The E8000ECC had passed all the necessary tests for production in the United Kingdom and was on its way to be produced in the United States of America. Then Governor of California Ronald Reagan sent a cargo plane to have three E8000ECCs moved to California in support of his Clean Air legislation. However, the E8000ECC was never produced in the United States. The unique aerodynamics of the E8000ECC were not based on traditional industry principles and ideas. They were loosely based on designs made by Konstantine Adraktas, the chairman and managing technical director of Enfield. Most of the electrical systems were designed and built by Peter Botterill. Production of the car was eventually moved to Greece after the company was incorporated into Neorion (also owned by Goulandris) and renamed Enfield-Neorion. However, soon the whole project was scrapped.

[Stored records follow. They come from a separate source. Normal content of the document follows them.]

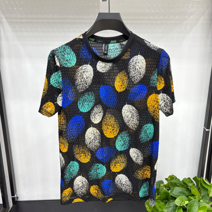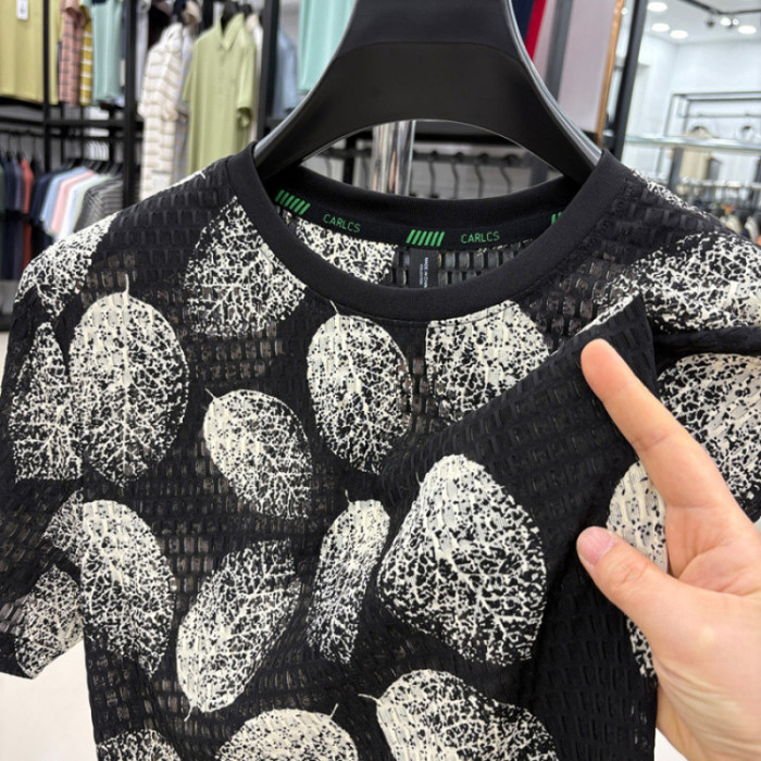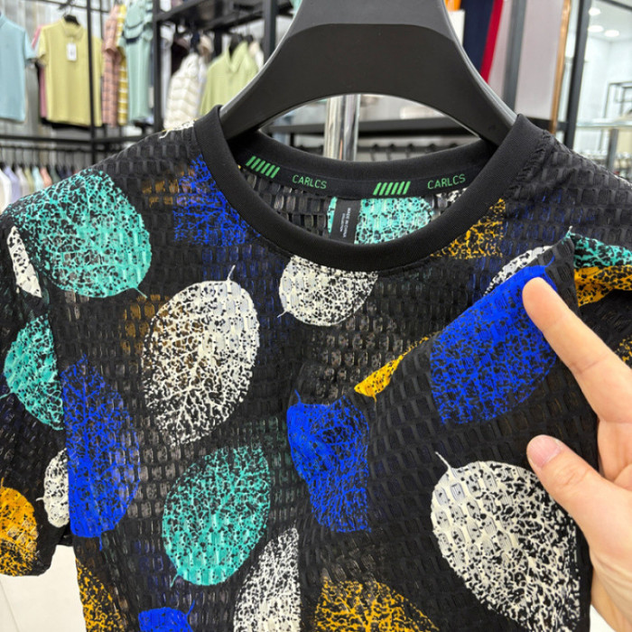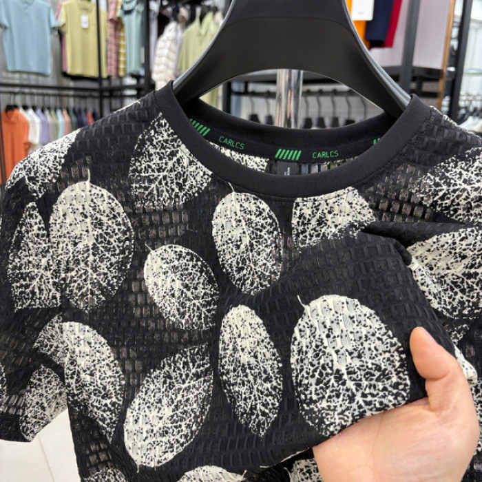 2025夏裝短袖男T恤錦氨面料 鏤空時尚T恤彩色樹葉印花爸爸裝短袖
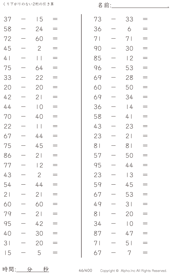 上記のボタンから「くり下がりのない2桁の引き算」の算数数学ドリル・計算ドリル(PDFプリント)がダウンロードできます。個人利用は無料です(家庭以外での配布は有料です)。
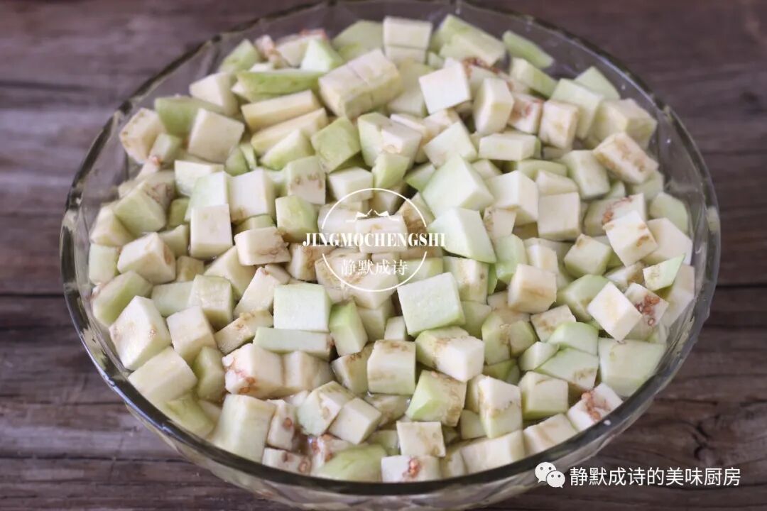 3、茄子去蒂去皮,切成小方块儿,立马用清水浸泡上,防止茄丁氧化变黑。
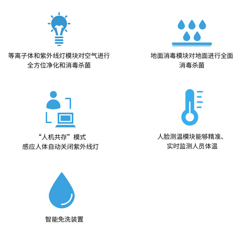 采用等離子體和G強(qiáng)度紫外線燈模塊對空氣進(jìn)行全方位凈化和消毒殺菌;同時地面消毒模塊對地面進(jìn)行多面消毒殺菌。產(chǎn)品具有“人機(jī)共存”模式,并配置人體感應(yīng)模塊自動關(guān)閉紫外線燈,保證人員安全。同時自帶人體人臉測溫模塊能夠準(zhǔn)確、實(shí)時監(jiān)測人員體溫狀況并對異常體溫實(shí)時通報(bào)處置。產(chǎn)品智能免洗裝置,給用戶提供更加方便有效的衛(wèi)生需求。
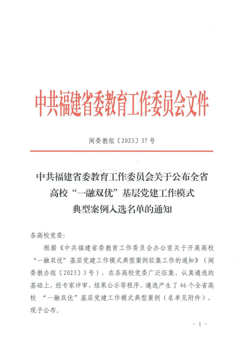近日,省委教育工委公布全省高?!耙蝗陔p優(yōu)”基層黨建工作模式典型案例入選名單。我院黨委選送的《黨建領(lǐng)航 思政鑄魂“一經(jīng)一緯”織就“三課堂”育人之路》入選高職高專組基層黨組織“一融雙優(yōu)”工作案例,《基層黨總支創(chuàng)新“1-2-4”雙培工作機制 著力讓一批優(yōu)秀學(xué)生成為優(yōu)秀黨員骨干群體》入選高職高專組師生黨員“雙培”工作案例。
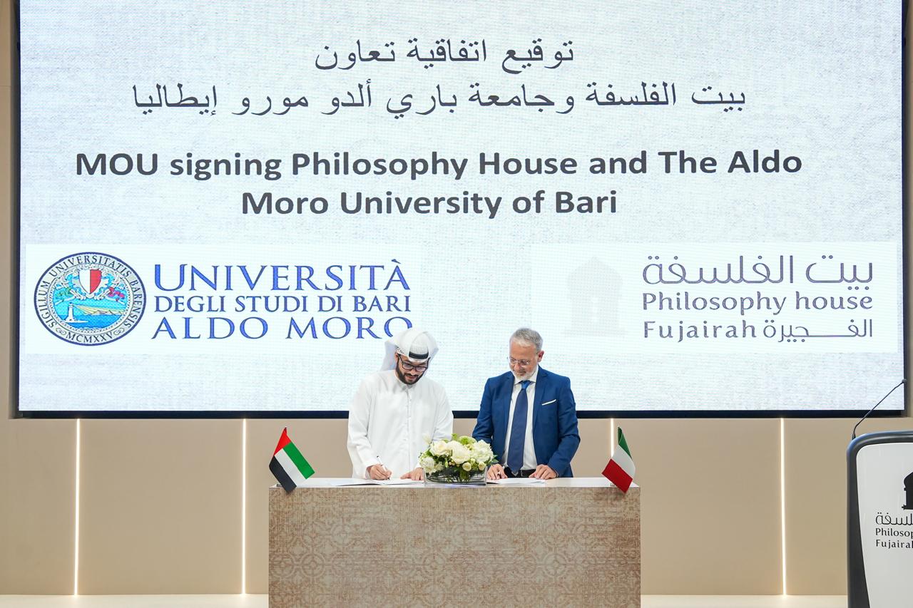 حيث تم توقيع اتفاقية تعاون بين الدكتور أحمد السماحي مدير بيت الفلسفة، د. باولو بونزيو ممثلاً جامعة بارى ألدو مورو الإيطالية.
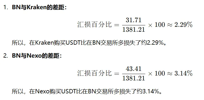 - BN与Kraken的差距: 1381.21 – 1349.5 = 31.71 USDT(BN交易所比Kraken多购买31.71 USDT)
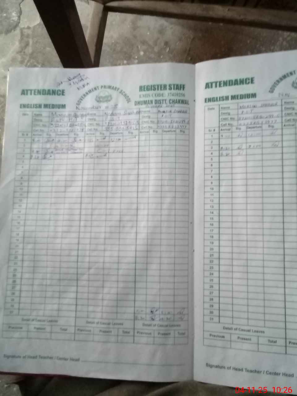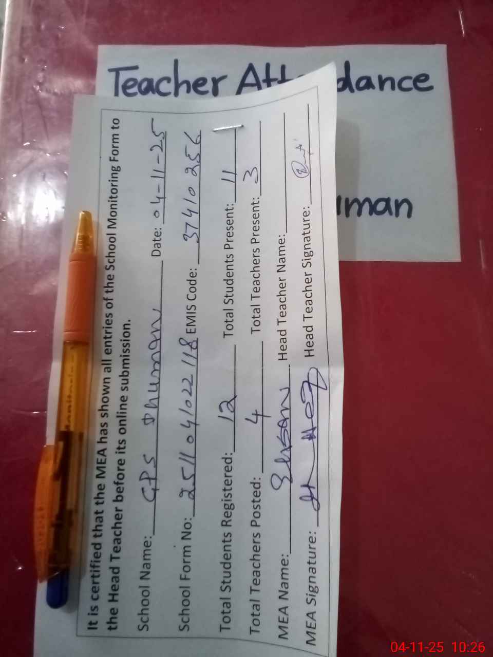 | Attendance Register | Head Teacher | MEA with School | Visit Proof |
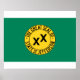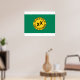 This design features the flag for Jefferson, which is a proposed U.S. state that would span the contiguous, mostly rural area of southern Oregon and northern California, where several attempts to separate the two existing states have taken place. If the proposal were ever approved, Yreka, California, could become the provisional capital city, while Modesto, California, would probably become the state's largest city.
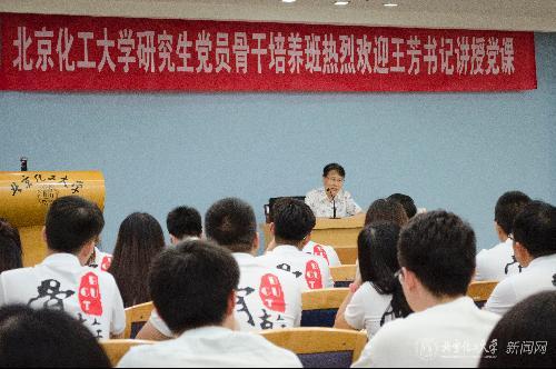 为进一步学习宣传贯彻党的十九大精神,在纪念中国共产党成立97周年之际,7月4日,我校党委书记王芳在中心会议室以“不忘初心 牢记使命 努力成为新时代的追梦人”为题,为我校研究生党员骨干培养班、全体一年级研究生党支部书记讲授专题党课。党课由党委研工部副部长王陶冶主持。
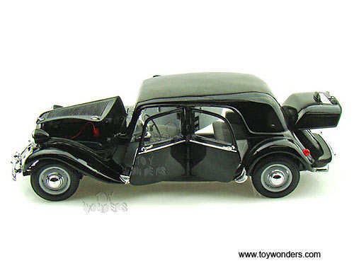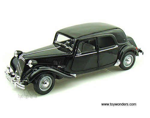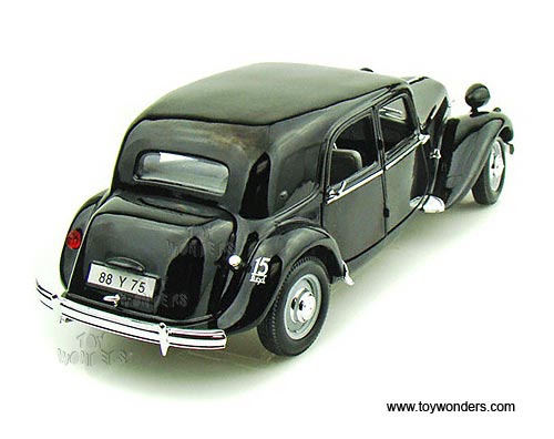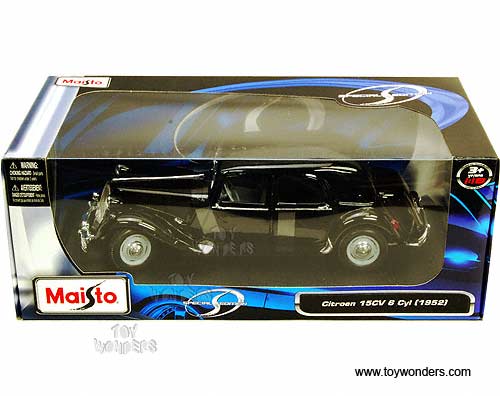 31821 Maisto Special Edition - 1952 Citroen 15CV 6 Cyl Hardtop. 1:18 scale diecast collectible model car. This 1952 Citroen 15CV 6 Cyl is a 10.5"L x 3.75"W x 3"H diecast metal car with openable hood, doors, and trunk. Special Edition. Sits on a display plaque. This 1952 Citroen 15CV 6 Cyl is manufactured by Maisto. Item 31821 is in BLACK color. Individually packed in a window box. Box size: 13.25"L x 6.5"W x 5"H.
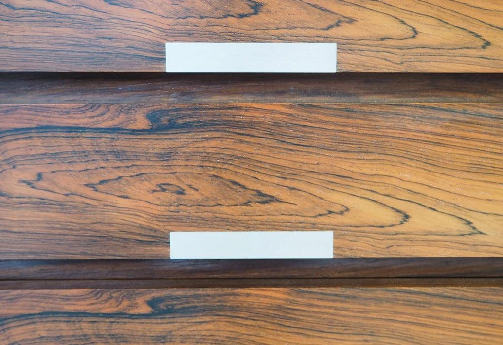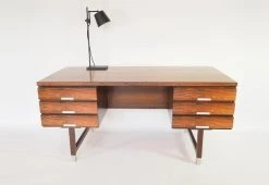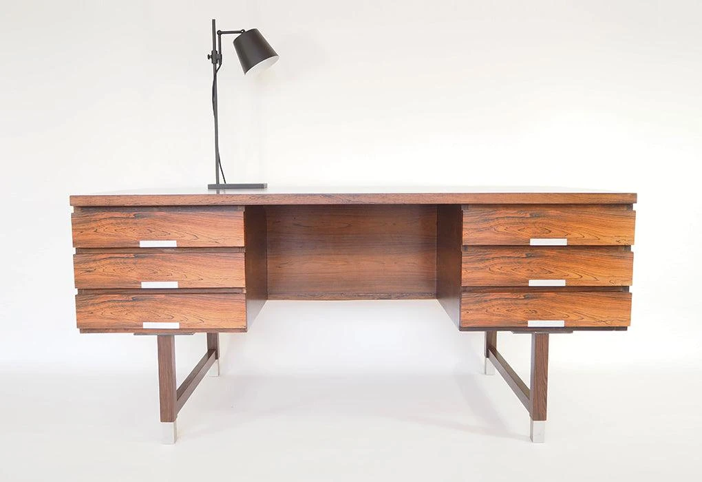 The rosewood desk produced by Preben Schou Anderson displays a simple and timeless outline. The arrangement of twin pedestals and shadow-gap delineation between drawers and top creates a striking elevation. The use of inset aluminium drawer pulls and sabots on the legs create a very individual appearance and reflect the high-quality cabinet-making employed in the desk’s manufacture.
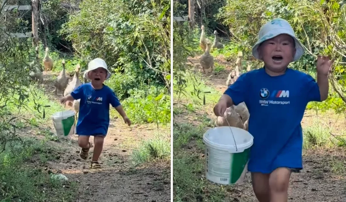 Сцена тронула пользователей сети и напомнила многим детство в деревне, когда они сами убегали от гусей.
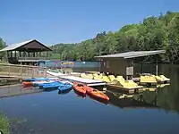 The centerpiece of the park is Lake Trahlyta. The lake has a swimming beach and boat launch for non-motorized watercraft, and offers seasonal rentals for pedal boats, kayaks, and paddle boards. It contains bass and bream and is stocked periodically during each trout season with about 5,000 trout.[11] Also at the park are a general store, miniature golf course and a Civilian Conservation Corps museum.
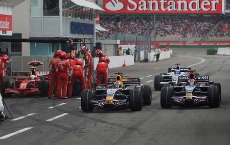 NICK HEIDFELD, DE CAPACETE NOVO, FEZ A MELHOR VOLTA DA PROVA E PAROU PARA UM "SPLASH AND GO". VOLTOU EM 4º E FEZ DE TUDO PARA PASSAR FELIPE MASSA. |
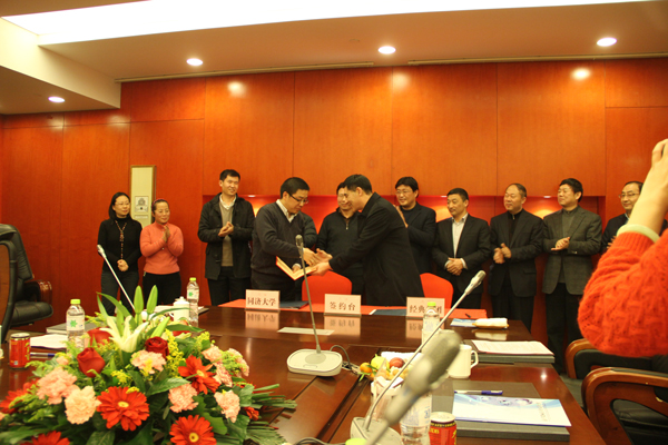 与山东建筑大学签署产学研合作协议、聘请周学军院长为技术顾问。

Enfield Runabout and Bicini.

The Runabout Model and the Bicini were produced in very small numbers on the Isle of Wight and in Syros, respectively, and used much of the same running gear as the Enfield 8000.

Enfield 4x4 Vehicles

These vehicles were only prototypes. They were large engine petrol engine vehicles referred to as 'Safari Cars' There was the Enfield Safari (produced on the Isle of Wight), and the Neorion Chicago (produced on the island of Syros; two were built, one blue and one red). There was also the Enfield Safari Estate (very much based on the Land Rover series III) and one other Safari car was partly built but not finished. this was based on a SWB Land Rover, it is assumed this was scrapped when the factory on the Isle of Wight closed) The other cars have all survived and are in private collections.

====Key characteristics====

- It had an aluminum body to guard against corrosion.
- It was available in a "Bicini" version which had a body composed of simple flat panels and was never crash tested.
- A leather interior was available.
- Early models had no gear lever, reverse was entered with the use of switch.
- It was based on widely available components and parts for easy maintenance and worldwide replacement part availability.
- It had an on-board charger (which recharged batteries fully while freewheeling downhill in the Alps.)